У «русского Робинзона» Пятница оказался и заботливее, и смышленее своего господина.
Я выложил инструменты из ящика и подвинул его к Васе, а потом принялся ощипывать и жарить утят. Одновременно я рассказывал ему свой план о глинобитном доме. Он слушал меня с видимым удовольствием, изредка вставляя свои замечания.
К концу завтрака мы решили: строиться на этом же месте, дом сделать глинобитный и начать его строить сегодня же.
Саженях в трех от нашего шалаша стояла прекрасная высокая и толстая ель. Лес в этом месте был довольно редок, и вокруг нее зеленела лишь молодая лиственная поросль. Мне пришло в голову, что эта ель может служить основой всей нашей постройки. Покатость почвы можно будет сравнять.

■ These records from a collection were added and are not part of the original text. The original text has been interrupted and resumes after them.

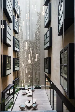 Luxury hotel with a spa, seasonal outdoor pool, and stunning city views in Barcelona's Poblenou district.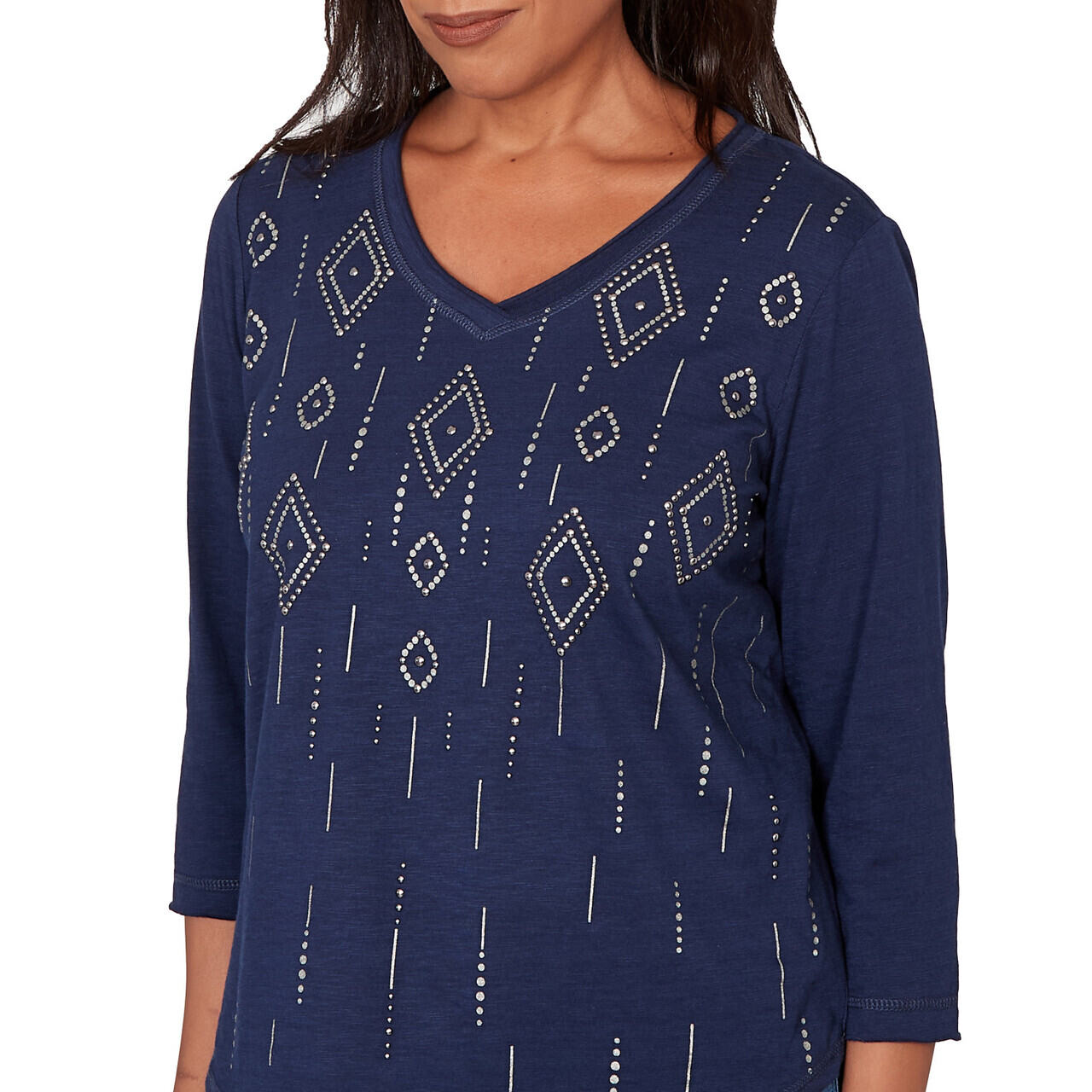 Women's Floral Diamond Embroidered Knit Top - 29153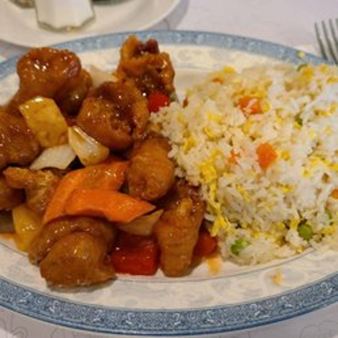 Tender pieces of pork, lightly battered and deep-fried to a golden crisp. Tossed in a vibrant sweet and sour sauce made with pineapple, bell peppers, and onions. Served hot.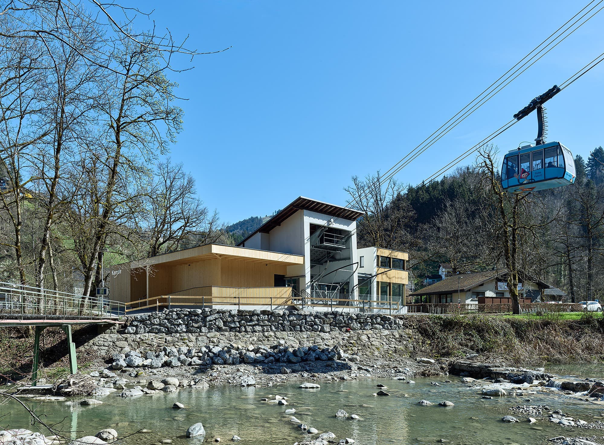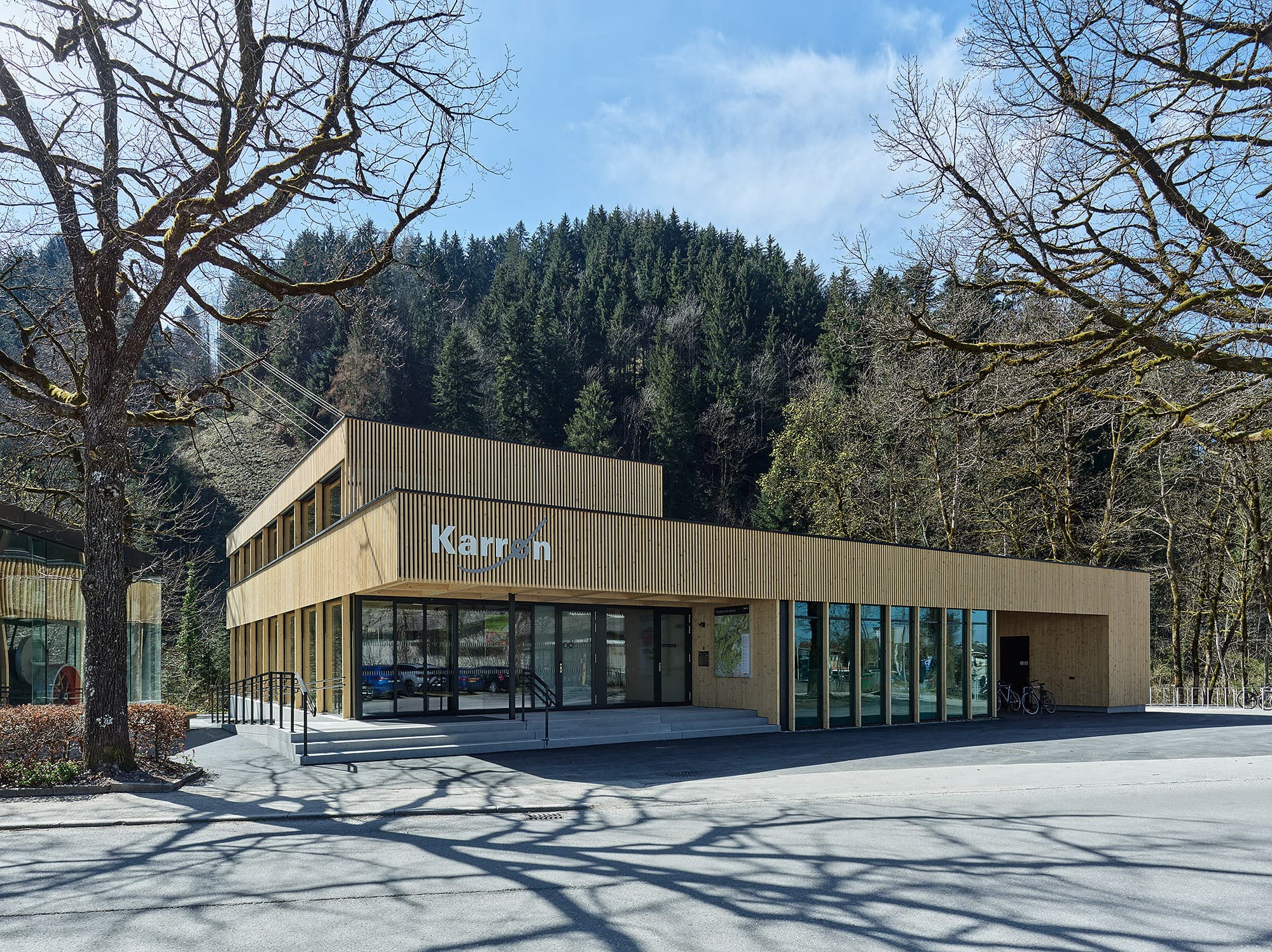Der Umbau und die Erweiterung der Talstation wurden durchgeführt, um diese für die aktuellen und zukünftigen Anforderungen zu rüsten. Als beliebte Attraktion ist die Seilbahn ganzjährig in Betrieb, weshalb eine kurze Bauzeit von nur drei Monaten ein entscheidendes Kriterium in der Planung war. Besonderer Wert wurde daraufgelegt, den Bestand weitestgehend zu erhalten und durch gezielte Anbauten in Holzbauweise sinnvoll zu ergänzen. Die Eingangshalle mit Kassen- und Wartebereich wurde erweitert, und im Obergeschoss entstanden Büroräume, die den modernen Arbeitsanforderungen gerecht werden. Auf der westlichen Seite der Station wurde eine Anlieferung für den Gastronomiebetrieb der Bergstation geschaffen. Zudem wurden öffentliche Toiletten sowie überdachte Fahrradabstellplätze eingerichtet. Die bestehende Teilunterkellerung wird heute als Fläche für Personal- und Technikräume genutzt.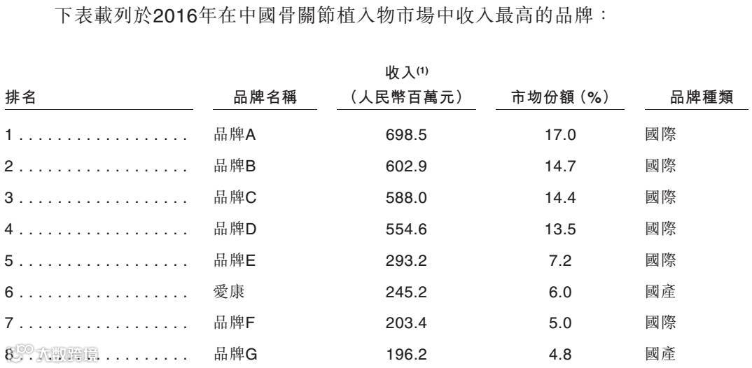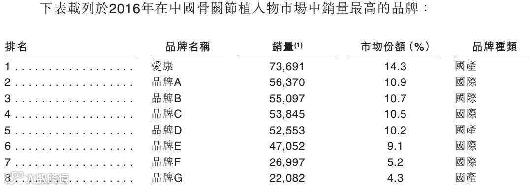 根据Frost & Sullivan,公司「爱康」品牌是中国最畅销的骨关节植入物品牌。2016年,就销量及收入而言,公司在中国骨关节市场的市场份额分别为14.3%及6.0%,收入份额较低源于公司在内的国产品牌产品平均出厂价低于国际品牌。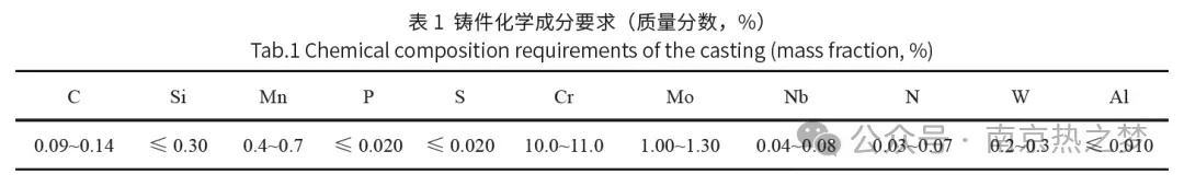 目标铸件为某型汽轮机高压内缸的上半,如图1 所示,其材质为ZG12Cr10Mo1NiWVNbN,质量9.2t,具体化学成分见表1,力学性能见表2,高温持久性能见表3。最大轮廓尺寸3070mm×1540mm×855mm,最大壁厚470mm,最小壁厚167mm,具有狭窄的内腔结构和法兰凸台。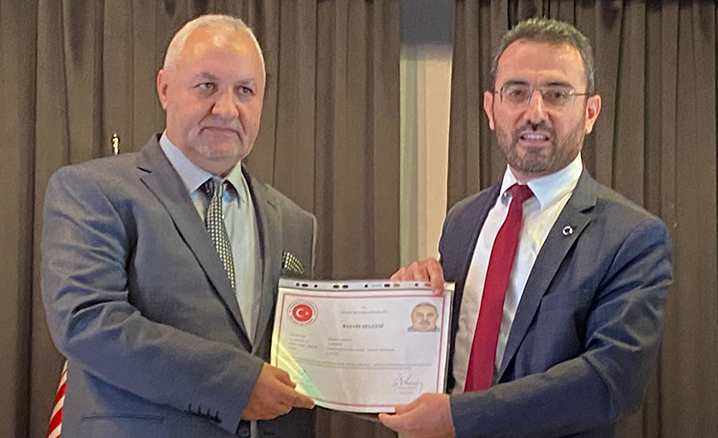 Başarılarından ötürü öğrencileri tebrik eden Hessen DİTİB Dini Danışma Kurulu Başkanı Sıddık Yıldırım, din görevlisi Mehmet Menteş’e başarı belgesi takdim etti.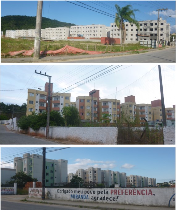 Les entreprises de construction ont choisi, pour les ensembles neufs, des formes très standardisées. Il peut s’agir soit d’un grand nombre de petites maisons, disposées selon un plan en damier, soit d’un ensemble d’immeubles, là aussi disposés de façon rectiligne, comme on peut le voir sur les schémas ci-dessus. La plupart des immeubles comprennent trois étages au-dessus d’un garage, le maximum autorisé par la législation brésilienne sans mettre d’ascenseur. L’architecture est rectiligne et peu originale. Cet aspect est souvent perçu comme un grand défaut du logement social, alors que les maisons populaires font l’objet de beaucoup de décoration et d’aménagements intérieurs et extérieurs afin de les personnaliser (Batista, 2015). Par rapport aux autres logements modestes comme par rapport aux résidences aisées, les formes sont plus standardisées.
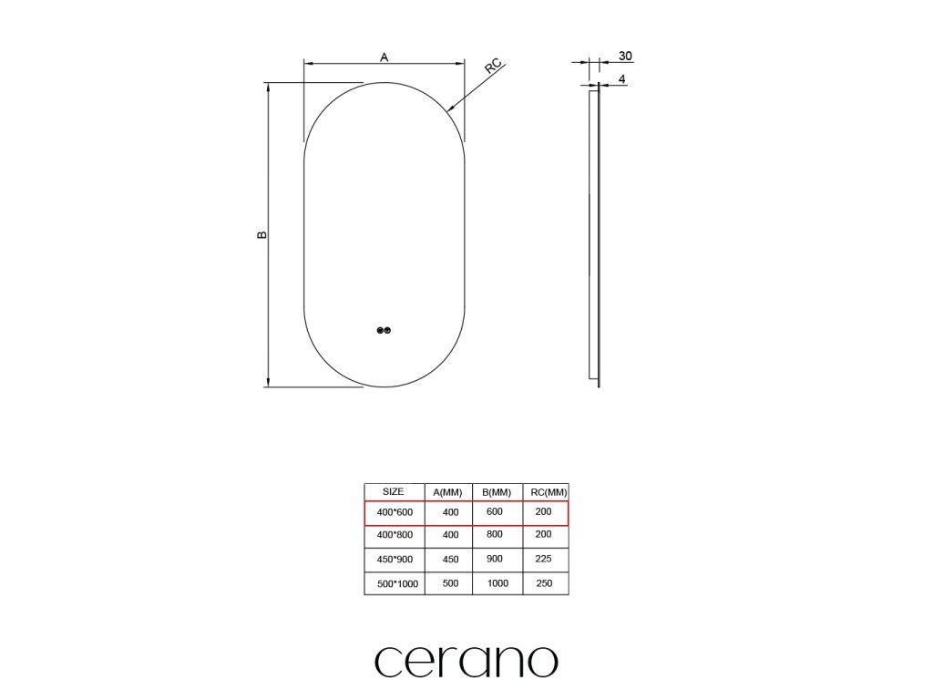 CERANO - Koupelnové LED zrcadlo Luno - 40x60 cm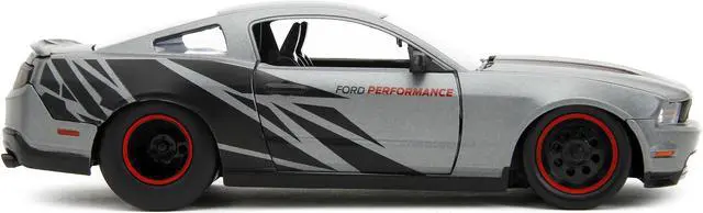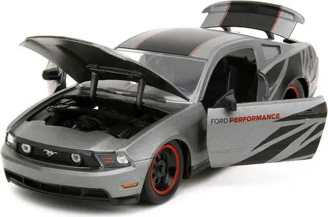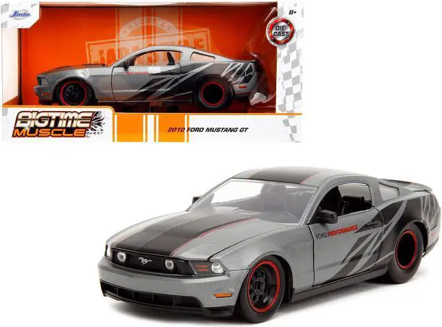 Brand new 1:24 scale diecast car model of 2010 Ford Mustang GT Matt Gray Metallic with Black Graphics and Stripes "Ford Performance" "Bigtime Muscle" Series die cast model car by Jada.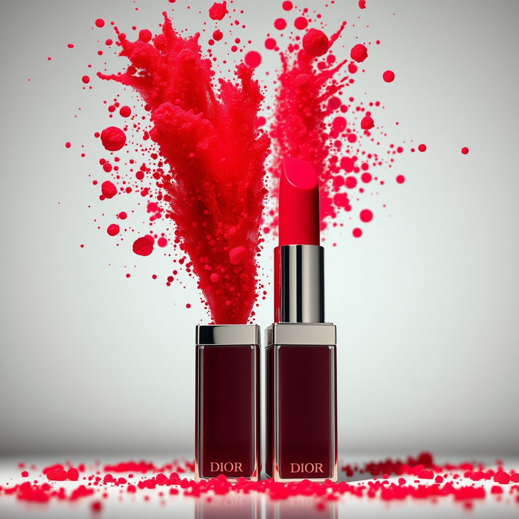 Commercial photography, dynamic eruption of crimson particles, DIOR lipstick focus, bright white illumination, studio setup, 8k octane rendering quality, ultra-high resolution capturing, remarkably intricate details, isolated against a simple background, stock photo style, expert color enhancement, vibrant imagery, --v 4 --ar 9:16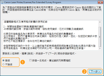 仔細閱讀下列畫面中的資訊,選取 [接受] 或 [不接受],然後按一下 [下一步]。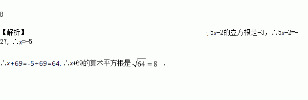 已知5x-2的立方根是-3,则x+69的算术平方根是___________;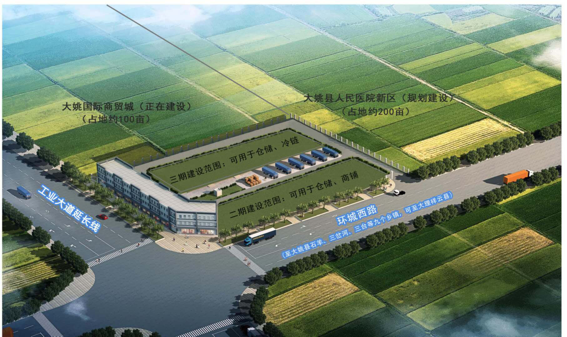 项目所在位置距主城区5分钟车程,为城市规划仓储物流区。本项目南侧毗邻招商引资入驻大姚的香港新亚行国际集团投资建设的一站式商贸综合体“大姚国际商贸城”,西侧是即将建设的大姚县人民医院新区。项目区工业大道延伸段和“一环线”为进出石羊、新街、昙华、三岔河等九个乡镇必经之路,同时也是通往大理祥云县、宾川县、永仁县、元谋县、四川攀枝花的必经之路。项目所处位置规划科学,发展潜力巨大,政策优势、区位优势无可比拟。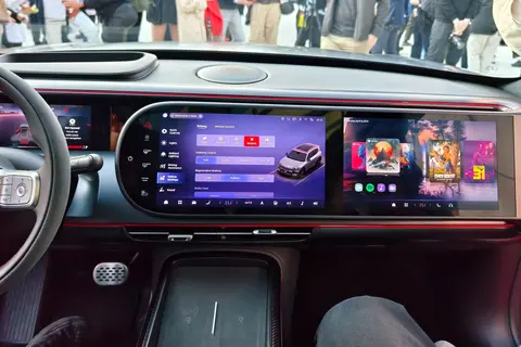 设计层面,新车延续“胶囊元素”灵动基因,车头与车尾通过贯穿式灯组形成视觉呼应,车顶前部集成激光雷达彰显科技实力。运动化升级集中在细节:红色饰条贯穿车身,21英寸10辐BRABUS轮圈搭配红色制动卡钳,营造出蓄势待发的战斗姿态。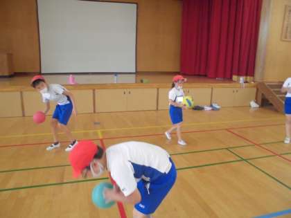 体育では「ボール運動」に挑戦しました。高く上げたボールをキャッチしたり,強く床に打ちつけたボールをキャッチしたりといろいろなボール運動に楽しく取り組むことができました。汗いっぱいかいて最後まで頑張りました!

Скоро подошел ко мне Вася, и мы условились рубить ель сажени на три от земли, комель оставить посредине будущего жилья. Поначалу я хотел было не трогать ее совсем, но Вася очень основательно заметил, что тогда, качаясь во время бури и ветров, она будет ломать нашу постройку. Мы понимали, что срубить такого колосса, да еще высоко от земли, — дело опасное, поэтому сначала обдумали, как бы это сделать, не поплатившись жизнью или, что еще ужаснее, уродством или калечеством. Я взобрался на дерево и стал обрубать ветви. Вася внизу оттаскивал их подальше. Только на высоте четырех саженей я оставил с северной стороны одну ветку, достаточно толстую, чтобы она могла выдержать меня и Васю. Я слез на землю, и мы вдвоем расчистили место, куда по нашим расчетам должна упасть ель. Окончив это, мы оба на несколько минут остановились и с некоторой робостью посмотрели на великана, которого уже изуродовали и собирались погубить совсем.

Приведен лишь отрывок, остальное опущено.